= Problem requirements =
The reply should hold only the lines below beginning at the one with "Nachdem wir schon" and ending at the one with "Dharmsala is the", copied exactly, with every picture left out.
Provided information START
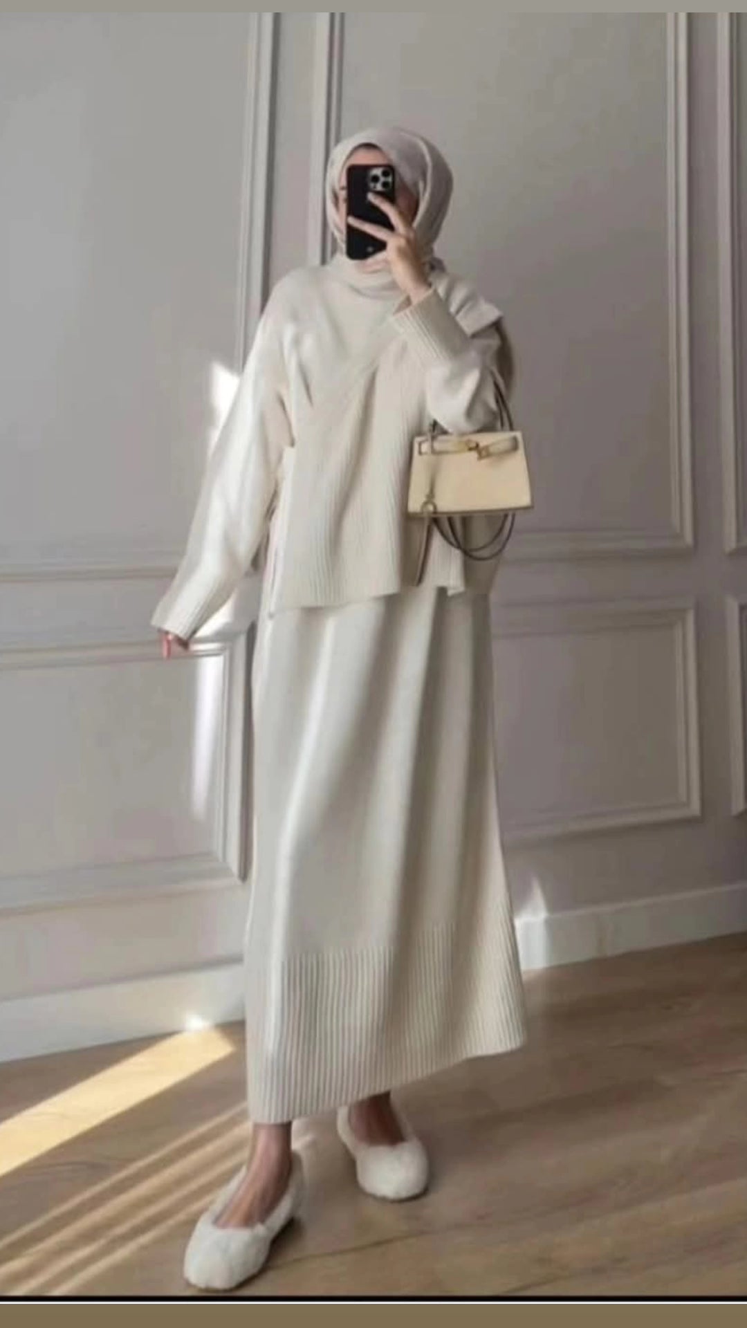 Yelekli triko elbise ekru
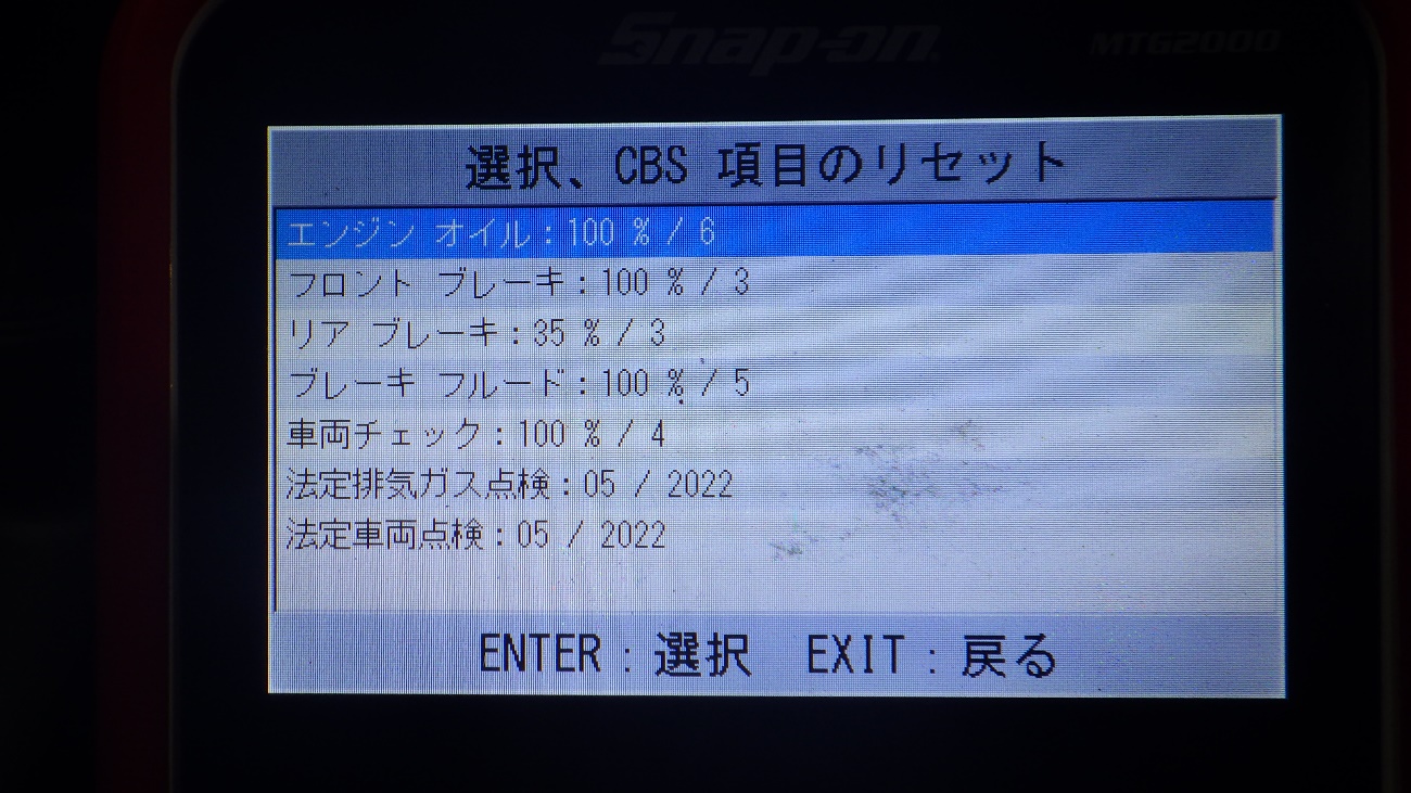 テスターを接続し故障コードの確認とサービスのリセットを実施しています。
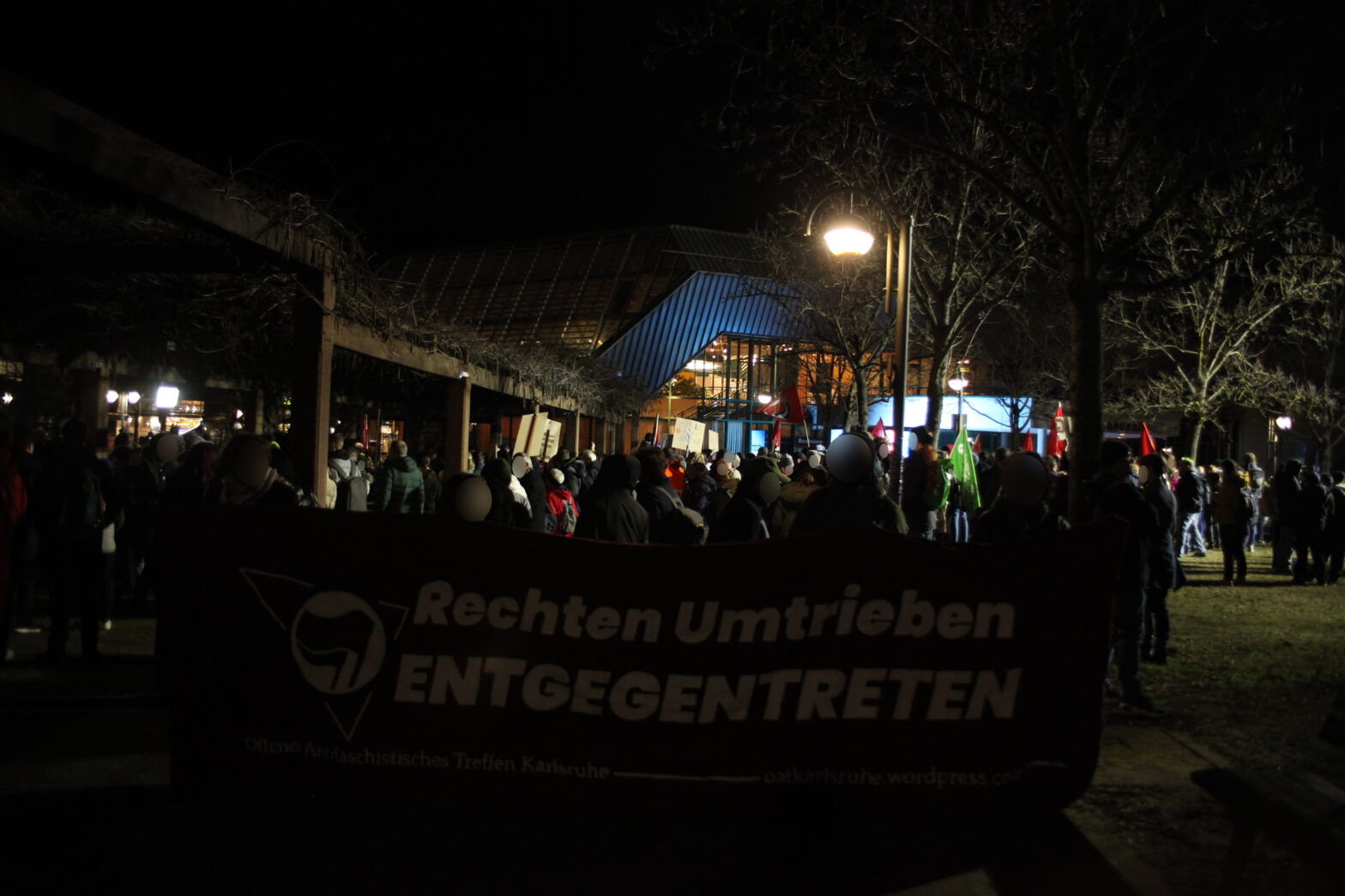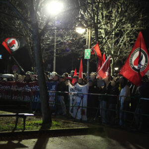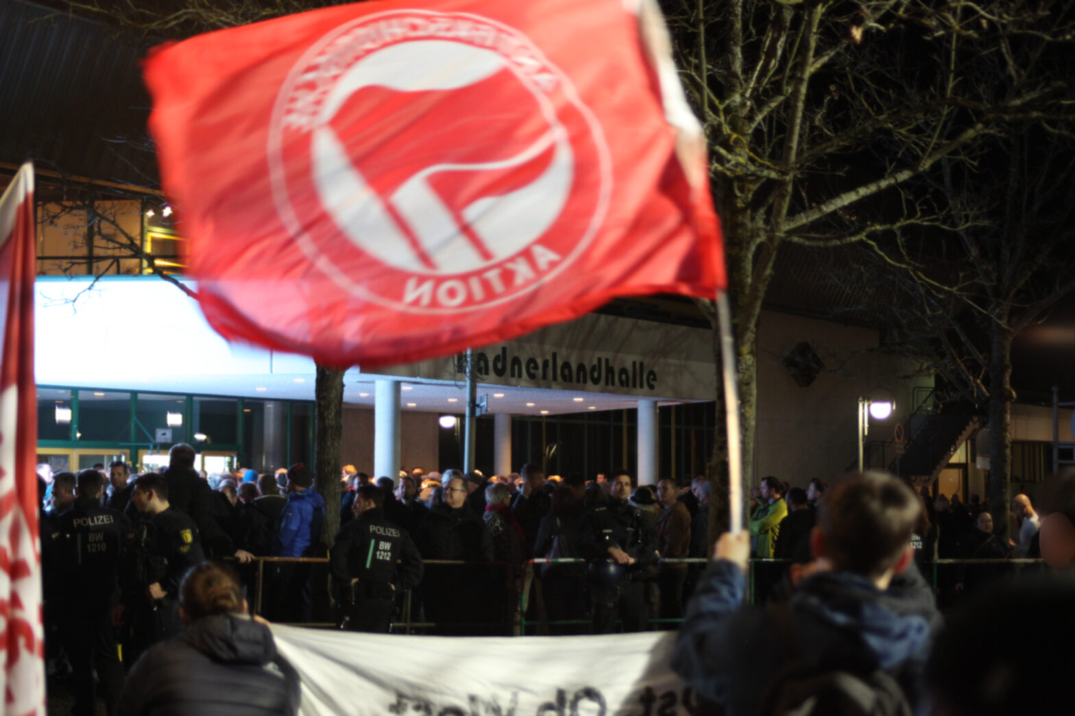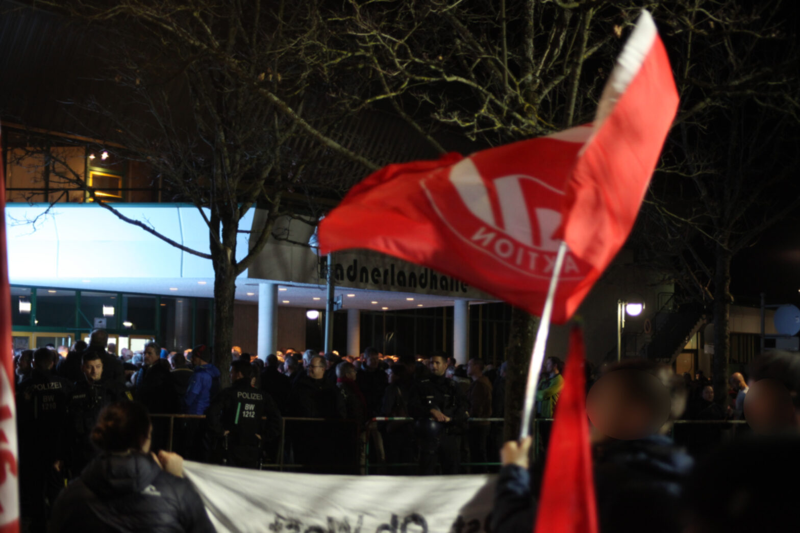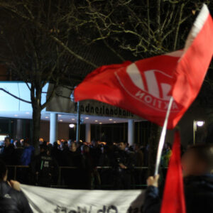 Nachdem wir schon am Morgen beim Warnstreik der Tarifbeschäftigten der Länder den Streik unterstützt haben und für den Protest gegen die AfD Veranstaltung mobilisiert hatten, kamen am Abend etwa 300 Menschen vor der Badnerlandhalle zusammen, um gegen das „große Gipfeltreffen“ der AfD zu demonstrieren. Die Hauptredner bei der AfD-Veranstaltung waren die beiden Ministerpräsidentskandidaten und Bundestasabgeordneten Frohnmaier und Siegmund.
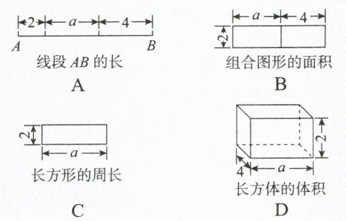 B 提示:选项A,线段AB的长为三条线段的和,即a+6.选项B,组合图形的面积为两个长方形面积的和,即2a+8.选项C,长方形的周长为2条长与2条宽的和,即2a+4.选项D,长方体的体积=长×宽×高,即8a.
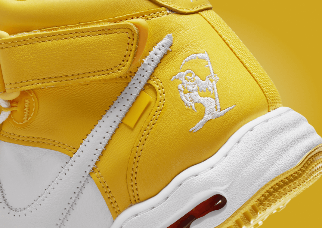 The iconic Off-White branding, displayed in Helvetica font, stands out on the medial midfoot. At the same time, an embroidered grim reaper logo adorns the lateral side, adding an unexpected touch to the design. The midfoot Swoosh proudly bears extra stitching details, and the instantly recognizable Off-White zip-tie is harmoniously integrated with a tonal yellow shade. Underfoot, the sneaker is rounded off with a reworked AF1 sole unit. The heel section of the sole is distinguished by its wavy finish and an exposed Air unit, culminating in a partially spiked yellow rubber outsole.
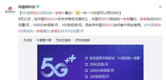 中国移动5G套餐曝光:200G流量/月+1000分钟语音
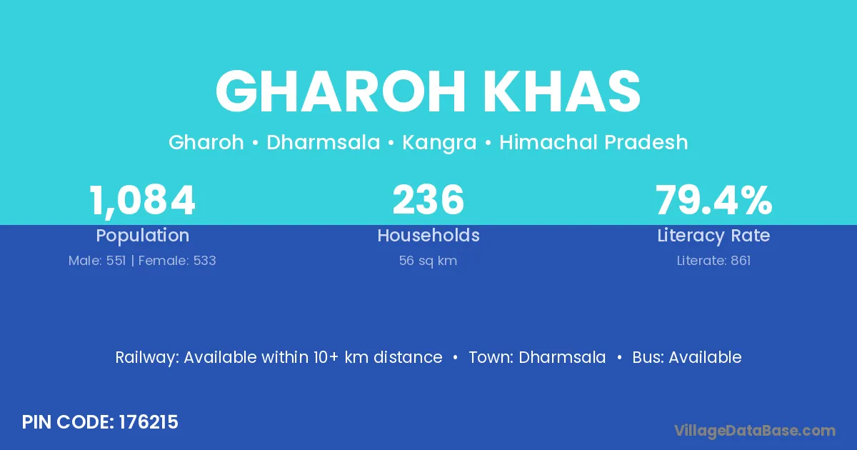 Dharmsala is the nearest town to Gharoh Khas village for major economic activities
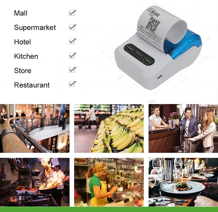 Термалните Bluetooth безжични принтери без мастило стават все по-популярни и се използват широко в множество индустрии като търговия на дребно, кетъринг, логистика и здравеопазване. Търговията на дребно може да го използва за бързо отпечатване на разписки за пазаруване. В кетъринг индустрията може да отпечатва поръчки мигновено. В логистичната индустрия може да отпечатва етикети за експресна доставка. В медицинската индустрия може да отпечатва медицински досиета и рецепти. Всички тези сценарии на приложение демонстрират високата ефективност и практичността на термичните Bluetooth принтери.
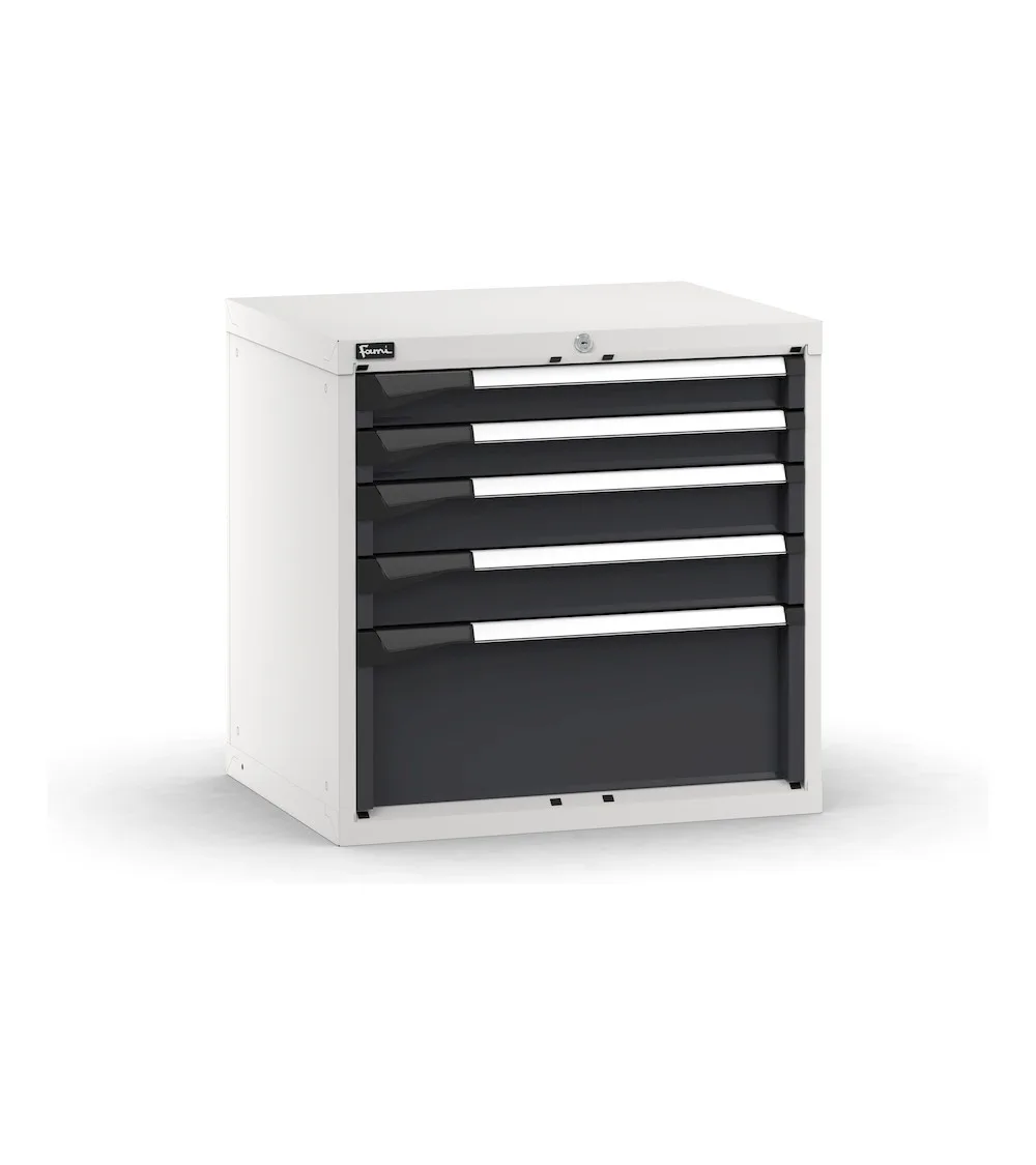 Il blocco cassettiera da banco può essere installato in un banco da lavoro oppure utilizzato come pratica cassettiera portautensili in officina o reparto. Ha 5 cassetti ad estrazione flessibile di varie altezze caratterizzati da fondo forato e lati scanalati per l’installazione di divisori e cassette contenitore. L’interno del cassetto può essere anche allestito utilizzato i vassoi portautensili Pikpad. La sicurezza è garantita dalla serratura a cilindro con chiave che blocca l’apertura di tutti i cassetti ed evita l’accesso al personale non autorizzato.
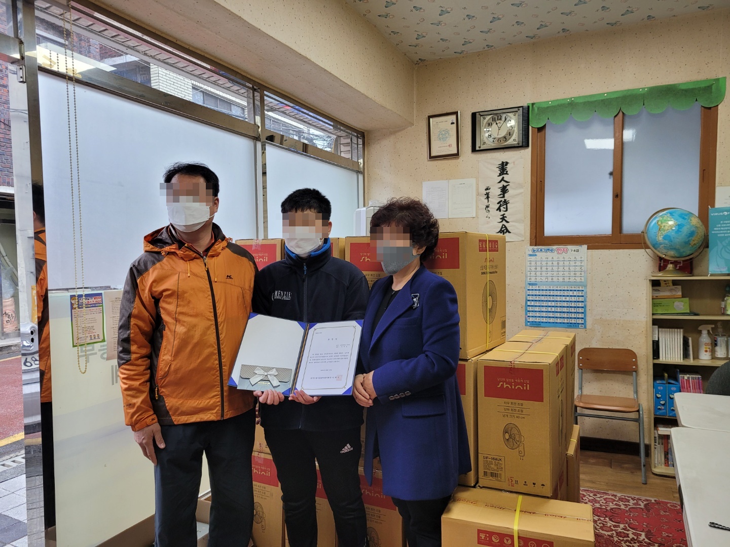 초등학교 1학년때부터 우리 센터를 이용하고 있는 중학생 아동이 그동안 받은 후원에 감사하다며 대구시 북구에 소재한 지역아동센터에 선풍기를 각 1대씩(총45대) 기증하였습니다. 이에 북구지역아동센터협의회에서 이 아동에게 표창장을 수여하는 뜻깊은 일이 지난 금요일에 있었습니다.
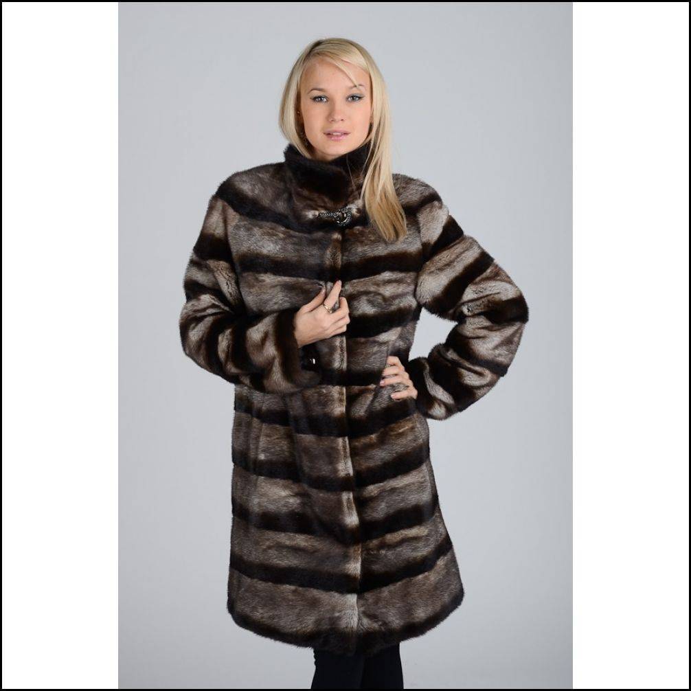 Поперечка представляет собой прямые модели, сшитые из горизонтальных узких полос меха. Теплый мех с длинным ворсом в таких вариациях используется редко. Чаще применяется материал со средним ворсом. Один из самых женственных фасонов, плавно повторяющий силуэт. Наилучшими шубами в технике поперечка являются шиншилла, норка, каракуль.
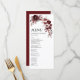 Apresentando o Elegante Maroon Burgundy Wedding Menu — um belo aditamento ao seu dia especial. Projetado para complementar a atmosfera luxuosa e romântica dos casamentos, este menu apresenta uma paleta profunda de marrom e burgundy que expele sofisticação e calor. Impresso em estoque de cartolina texturizado de alta qualidade, o menu mostra sotaques pretos que adicionam um toque de opulência. Cada curso é cuidadosamente definido em uma fonte graciosa, garantindo que seus hóspedes não apenas desfrutem dos prazeres culinários, mas também apreciem a elegância da apresentação. Perfeito para o outono e casamentos no inverno, este menu melhora o ambiente com seus tons ricos, fazer-o uma parte inesquecível de sua celebração.
Provided information END
= Exercise output =
 Nachdem wir schon am Morgen beim Warnstreik der Tarifbeschäftigten der Länder den Streik unterstützt haben und für den Protest gegen die AfD Veranstaltung mobilisiert hatten, kamen am Abend etwa 300 Menschen vor der Badnerlandhalle zusammen, um gegen das „große Gipfeltreffen“ der AfD zu demonstrieren. Die Hauptredner bei der AfD-Veranstaltung waren die beiden Ministerpräsidentskandidaten und Bundestasabgeordneten Frohnmaier und Siegmund.
 B 提示:选项A,线段AB的长为三条线段的和,即a+6.选项B,组合图形的面积为两个长方形面积的和,即2a+8.选项C,长方形的周长为2条长与2条宽的和,即2a+4.选项D,长方体的体积=长×宽×高,即8a.
 The iconic Off-White branding, displayed in Helvetica font, stands out on the medial midfoot. At the same time, an embroidered grim reaper logo adorns the lateral side, adding an unexpected touch to the design. The midfoot Swoosh proudly bears extra stitching details, and the instantly recognizable Off-White zip-tie is harmoniously integrated with a tonal yellow shade. Underfoot, the sneaker is rounded off with a reworked AF1 sole unit. The heel section of the sole is distinguished by its wavy finish and an exposed Air unit, culminating in a partially spiked yellow rubber outsole.
 中国移动5G套餐曝光:200G流量/月+1000分钟语音
 Dharmsala is the nearest town to Gharoh Khas village for major economic activities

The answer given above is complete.